Let $A$ be an $n \times n$ invertible matrix with \begin{align} \left(\begin{array}{ccc} a_{11} & \cdots & a_{1n} \\ \vdots & \ddots & \vdots \\ a_{n1} & \cdots & a_{nn} \end{array}\right)^{-1}= \left(\begin{array}{ccc} b_{11} & \cdots & b_{1n} \\ \vdots & \ddots & \vdots \\ b_{n1} & \cdots & b_{nn} \end{array}\right) \end{align} Is there an explicit formula for $b_{ij}$ in terms of the elements of $A$ and the determinant of $A$?
Edit: Here is a link to the different possible methods to invert a matrix http://en.m.wikipedia.org/wiki/Invertible_matrix#Methods_of_matrix_inversion.

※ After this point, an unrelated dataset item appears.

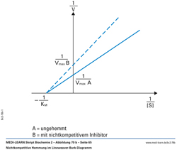 Nichtkompetitive Hemmung im Lineweaver-Burk-Diagramm

Originally I had in mind using the blockwise inversion method but I think all of the methods require using some submatrix of $A$ and their determinants and / or inverses. I don't think it's possible to write something explicit in terms of $\{a_{ij}\}_{i=1,j=1}^{n,n}$
Hint: $A^{-1}=\frac{1}{|A|}\cdot \text{Adj}(A)$
$\text{Adj}(A)$ is the adjunct matrix of A.